Раз на контрасте была упомянута тема России и отсталости, давайте последуем за берлинским мэтром. Отсутствие «нормального» среднего класса (общества, нации, цивилизации – нужное подчеркнуть), их «неисторизм», как сказал бы Гегель, или, в форме медицинского диагноза, отсталость в развитии – всё факторы, на которые традиционно ссылались историки Восточной Европы. «Интеллигенция, – по словам польского историка идей Анджея Валицкого, – это типическое явление для отсталых аграрных стран, вступивших в полосу экономической и социальной трансформации <…> В таких странах межсословная образованная элита культивирует в себе чувство ответственности за судьбы общества». «Только на востоке (Европы. – Д. С.), – вторит ему социальный историк Ежи Едлицкий, – могла родиться идея интеллигенции как неустанной службы, миссии и жертвы». Лев Давидович Троцкий писал об этом же, зайдя с другой стороны, еще в 1912 году корреспондентом «Киевской мысли»: превращать русскую историю в апофеоз интеллигенции, по нему, значило «ползать на брюхе перед общественно-политической убогостью».

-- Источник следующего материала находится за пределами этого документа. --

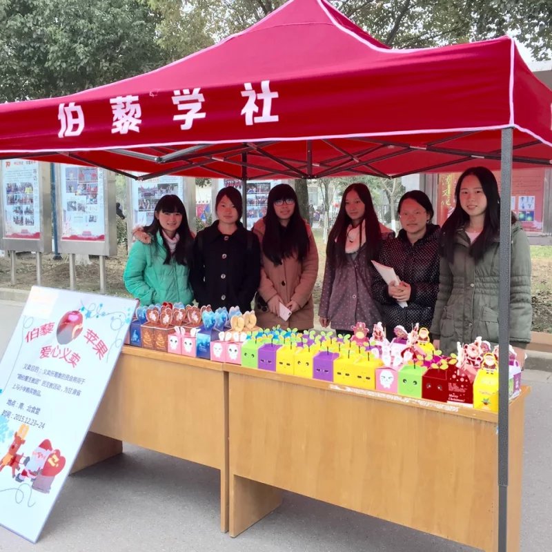 苹果义卖,是作为大学生的陶学子体验生活、回馈社会、具有积极意义的一次公益活动。在社长张腾月和丁阳阳的带领下,各个部门提前了一周就开始进行了准备。文宣部负责打印了海报和横幅、并在qq以及微信等平台进行宣传。财务部监督所需的平安果的采购情况,负责这两天日销售数量及收入的统计工作,并在每天活动结束后对平安果和财务进行清点。外联部负责活动程序的安排以及人员的分配,保证活动安全有序进行。在学校的南北食堂就可以看到伯藜的陶学子们的身影,大家都在为这场活动努力着。在此期间,两位社长也会去现场询问一下销售的情况,并且为大家带去了小板凳。陶学子们感受到了伯藜大家庭的温暖。陶学子们也轮番值班,这不仅有利于社员之间的友谊并且 也增加了社团的凝聚力!
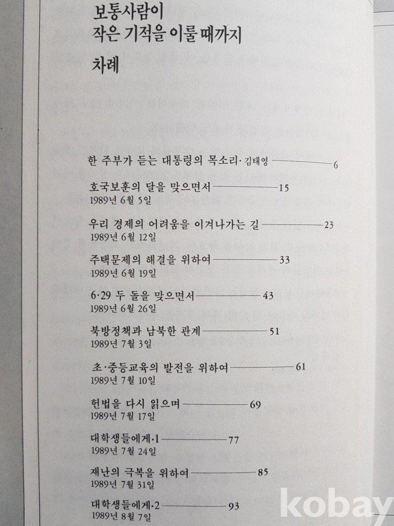 설명: 1989년 노태우 대통령이 라디오에 나와서 한 이야기와 정책과 칼럼을 기록한 책입니다.
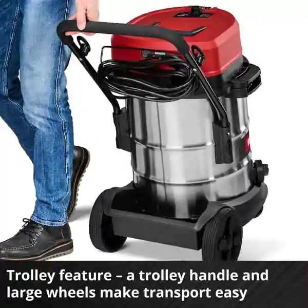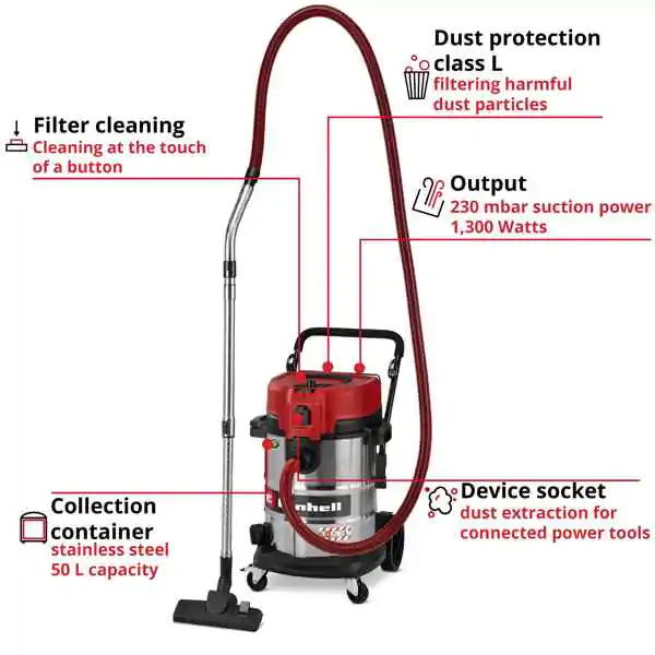 • Einhell TE-VC 5090 SACL je profesionalni usisivač namenjen suvom i mokrom čišćenju u domu, radionici i na gradilištu. Snažan motor od 1300 W obezbeđuje usisnu snagu od 230 mbar, omogućavajući dubinsko uklanjanje prašine, tečnosti i tvrdokorne prljavštine sa različitih površina. Uređaj je usklađen sa L klasom zaštite od prašine prema evropskim standardima i efikasno filtrira štetne čestice kao što su gips, kreč, pesak i zemlja, što ga čini pogodnim i za zahtevne građevinske radove.
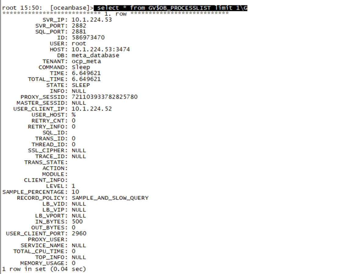 | 3221707143 | root | 192.168.207.18:47812 | oceanbase | Query | 0 | ACTIVE | SHOW processlist |
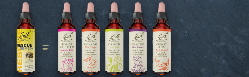 Whatever the situation ‚immediate or ongoing - Rescue Remedy can help. Taken anytime, anywhere Rescue Remedy is totally natural and contains five of the 38 Bach Flower Essences: Rock Rose for terror and panic, Impatiens for irritation and impatience, Clematis for inattentiveness, Star of Bethlehem for shock and Cherry Plum for irrational thoughts. Claims based on traditional homeopathic practice, not accepted medical evidence. Not FDA evaluated. Individual results may vary.
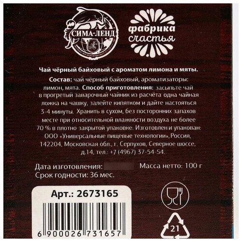 Чай чёрный «Любимому воспитателю», в коробке, лимон и мята, 100 г
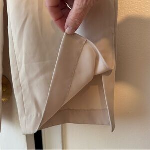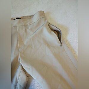 Theory pull on trouser pants. Amazing! Business casual, so dress up or down. Slit detail upright both legs. Full length pant. Neutral color. Pair with sweater, blouse, blazer…options are endless. High end look and feel. Size 00 but please see measurements.
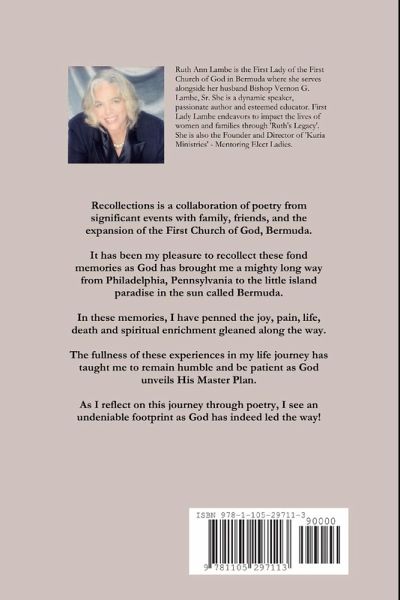 Recollections is a collaboration of poetry from significant events with family, friends, and the expansion of the First Church of God, Bermuda. Mrs. Ruth Ann Lambe, wife of Bishop Vernon Lambe recollects her fondest memories the share how God has brought her a mighty long way from Philadelphia, Pennsylvania to the little island paradise in the sun called Bermuda. In these memories, she penned the joy, pain, life, death and spiritual enrichment gleaned along the way. The fullness of these experiences in her life journey has taught her to remain humble and be patient as God unveils His Master Plan. As she reflect on this journey through poetry, she sees an undeniable footprint as God has indeed led the way!
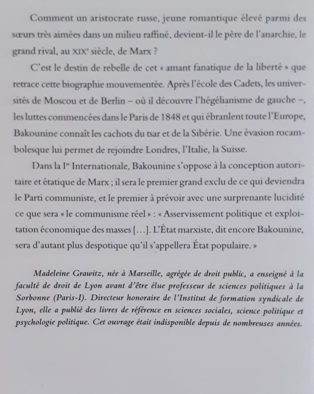Ed. du Cercle, Ed. de la Tête de Feuilles, 1971, in-8°, 257 pp, broché, couverture ornée d'un grand portrait noir et blanc. Bon état. A la fois une biographie de Bakounine et une histoire de ses idées, par un "social-démocrate et anarchiste" suisse (1874-1945). Traduit de l'allemand avec des annotations et 3 études par Jean Barrué : Bakounine et les "Annales franco-allemandes", la question du panslavisme de Bakounine, Bakounine et Netchaïev. Bibliographie (Coll. Archives révolutionnaires)
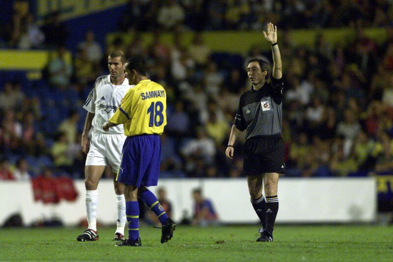 Vinny Samways y Zinedine Zidane en la imagen junto al colegiado Losantos Omar en el Estadio Insular.
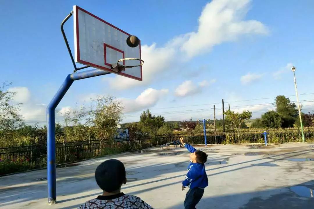 课余时间,志愿者们也和孩子们在篮球场开心的玩耍,希望这一刻的开心能永远停留他们的记忆里。
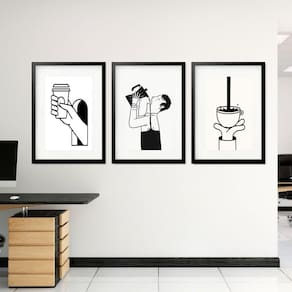 Kit 3 quadros grandes love coffee 60x48cm Cor: moldura branca Informações do produto tire todas as suas dúvidas no descritivo abaixo: decoração para quarto, sala, cozinha, escritório, área gourmet e muito mais. Chega de paredes vazias medidas - cada peça tem 60x48cm . Material do papel - papel fotográfico brilhante de altíssima resolução acabamento - todos os quadros são acompanhados de vidro para proteção da imagem. - moldura em madeira maciça na cor preta ou branca conforme produto escolhido e pendurador. - paspatur branco com 7cm de largura - os quadros são embalados de forma segura com plástico bolha com camada dupla de acordo com o tamanho dos quadros. - de 3 meses. Meu quadro chegou. Como posso fixá-lo Você precisa apenas de um martelo e um prego, pois os quadros já vão acompanhados de penduradores. Esta é a forma mais indicada. Como posso limpar meu quadro A limpeza é feita como um móvel comum da sua casa. Apenas um pano seco ou espanador são suficientes para tal Marca: Não Informado

Убогость, отсталость, retardation… В общем, вы чувствуете, куда дует ветер. Повышенная социальная активность знаек как повышенная температура свидетельствует о том, что исторический иммунитет общественного организма восполняет некий кризис, ущербность. «Христиане, плакавшие о грехах мира сего, социалисты, раскрывшие раны быта общественного, и мы, недовольные, неблагодарные дети цивилизации, мы вовсе не врачи – мы боль; что выйдет из нашего кряхтения и стона, мы не знаем – но боль заявлена» пером Герцена в «Концах и началах» (1862). К боли органично прилипает гной, и вместе с Западом интеллигенция оказывается на стороне разложения. «Тратить себя на хныканье сгнивших интеллигентов и не писать – для художника разве не гибель, разве не срам?» – узнаем мы стиль Владимира Ильича в письме Горькому 1919 года.

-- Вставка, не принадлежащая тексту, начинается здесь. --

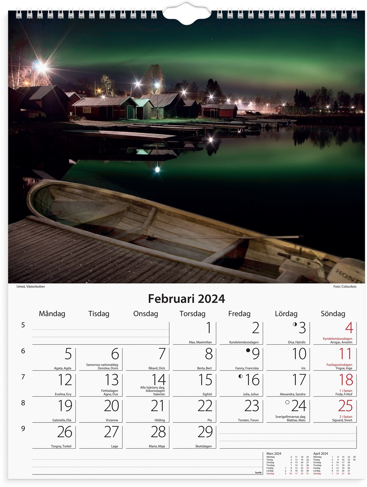 Väggkalender 2024 från Burde. Format: 295x390 mm. Layout: Månad/Blad. Kalendarium: 2024-01-01 - 2024-12-31. Spiralbunden. Antal sidor: 12. Miljöinformation: FSC.
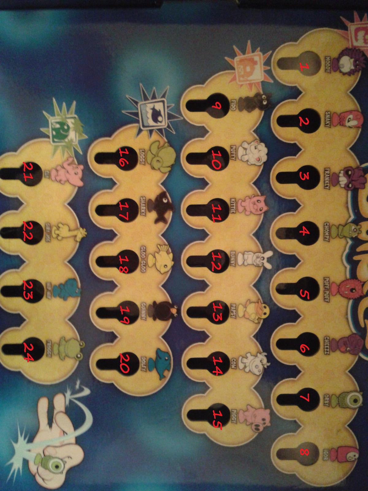 PRIEVIDZA potrebujeme prvé dve príšerky, psíka a korytnačku... na výmenu máme hrošíkov a tú posledná ružovú príšerku v riadku...
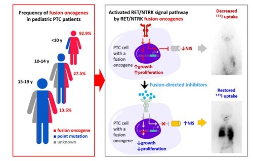 특히, 방사성 요오드 치료에도 불구하고 폐 전이가 진행한 어린 소아 2명의 종양에서 CCDC6-RET, TPR-NTRK1 변이가 확인됐는데, SLC5A5 발현이 낮았고, 방사성 요오드의 전이암 조직 내 흡수율이 낮았다.
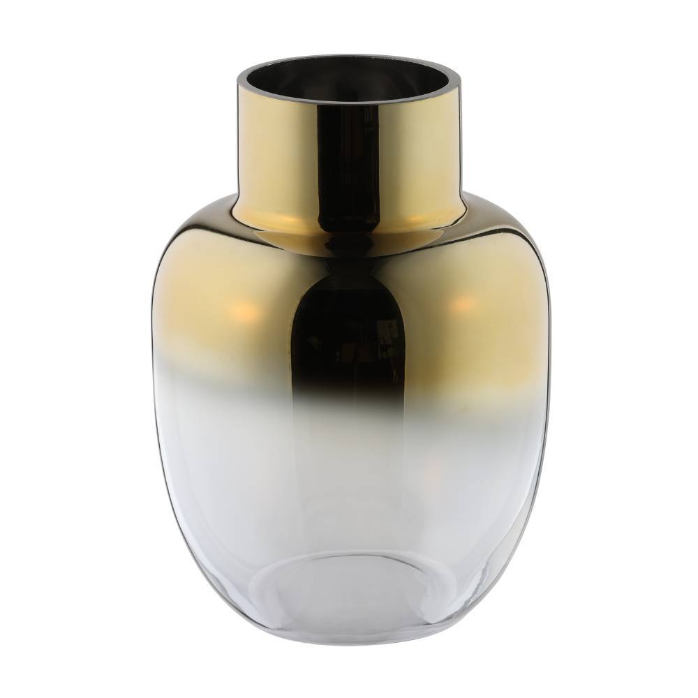 421235 Ваза декоративная SIRANANA, H200, ?144, стекло, прозрачный, цвет латунь создает в помещение уют и прекрасно дополняет интерьер квартиры или загородного дома, оформленный как в классическом, так и современном стиле. Продукцию, принадлежащую к дизайнерскому классу, создают только из самых качественных и безопасных материалов с использованием новейших технологий производства. В ней идеально выверена каждая деталь. Изделие преображает пространство, гармонично сочетая в себе уют, удобство и красоту. Этой стильной модели не страшны капризы моды — и через год, два, пять она будет смотреться также уместно.
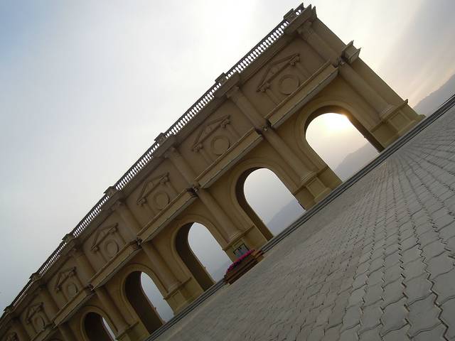 关城内景。其实城内是有杂技,武术表演的,我站在城墙楼台上,边看边躲太阳。
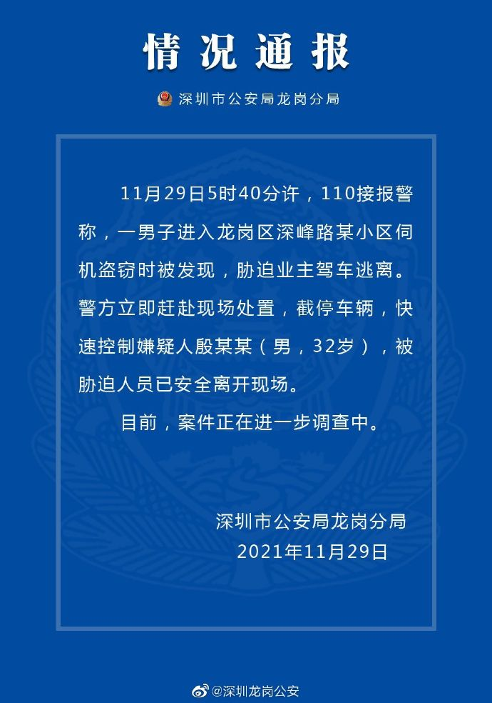 11月29日5时40分许,110接报警称,一男子进入龙岗区深峰路某小区伺机盗窃时被发现,胁迫业主驾车逃离。警方立即赶赴现场处置,截停车辆,快速控制嫌疑人殷某某(男,32岁),被胁迫人员已安全离开现场。

Итак, миссия знания, «идейность», социальная этика интеллигенции, составляющая конститутивный момент и краеугольный камень самосознания, – следствие дефицитов социально-экономического развития и симптом ненормальности, исторического аврала, обходной неудобной дороги. В «нормальном» случае механизмы рыночной капиталистической экономики и представительской демократии, гражданского общества и профессиональной деятельности интеллектуалов в смысле белых воротничков делают весь этот надрыв излишним.

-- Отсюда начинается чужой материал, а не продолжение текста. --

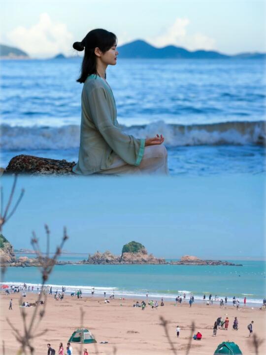 沙滩疾走!细沙阻力+海风清凉,比跑步机燃脂效率高2倍,记得脱鞋感受足底按摩,促进血液循环。
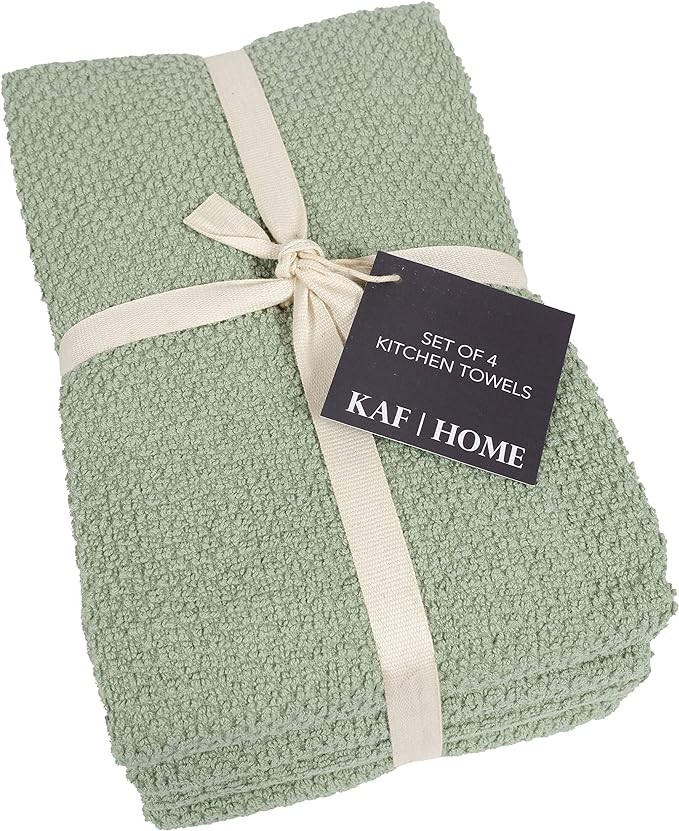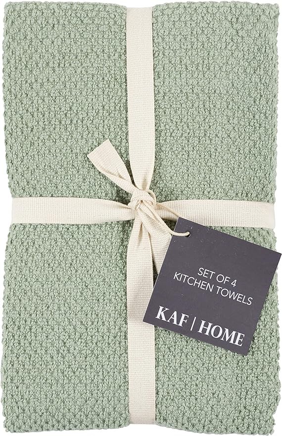 KAF Home Deluxe Popcorn Terry Kitchen Towels, Cotton Kitchen Dish Towels, Set of 4, French Green
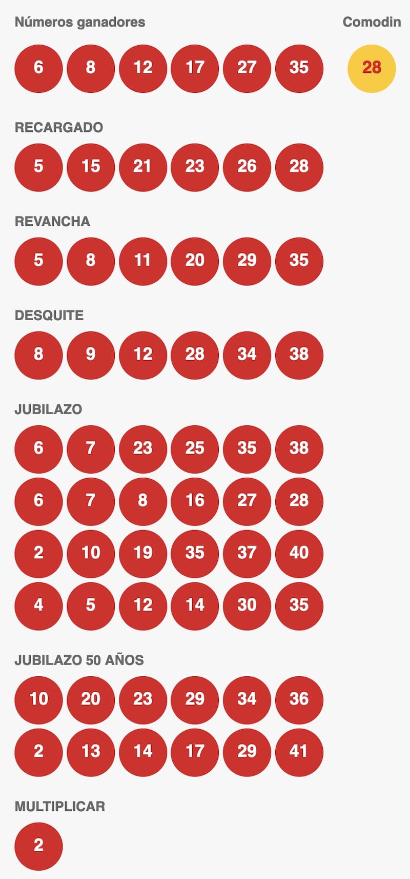 - Números ganadores: 6, 8, 12, 17, 27, 35.

Не будем выплескивать с водой ребенка (это выражение, кстати, мы взяли у немцев – как и англичане, французы и поляки): значение неравномерностей развития отрицать не стоит. Но стоит помнить, что провалы в социально-экономическом развитии – не единственное, что определяет отношения интеллигенции и среднего класса. И что, во-вторых, отставанием развития и вытекающим из него противоречием между идеалами и действительностью ранее уже объяснялись далеко не только русские или восточноевропейские кризисы. Говоря о Французской революции в «Истории цивилизации в Англии» (1857), Генри Томас Бокль, к примеру, был уверен, что «импульс к действию для французского интеллекта был подан примерами и доктринами из Англии; это было побудительной причиной к великому разрыву (great breach) между властями Франции и ее литературой». Постойте, что-то похожее мы уже… ну да, про «расхождение путей» (parting of ways) между государством и образованным обществом в России начала XIX века из-под пера дуайена американской русистики историка Николая Рязановского.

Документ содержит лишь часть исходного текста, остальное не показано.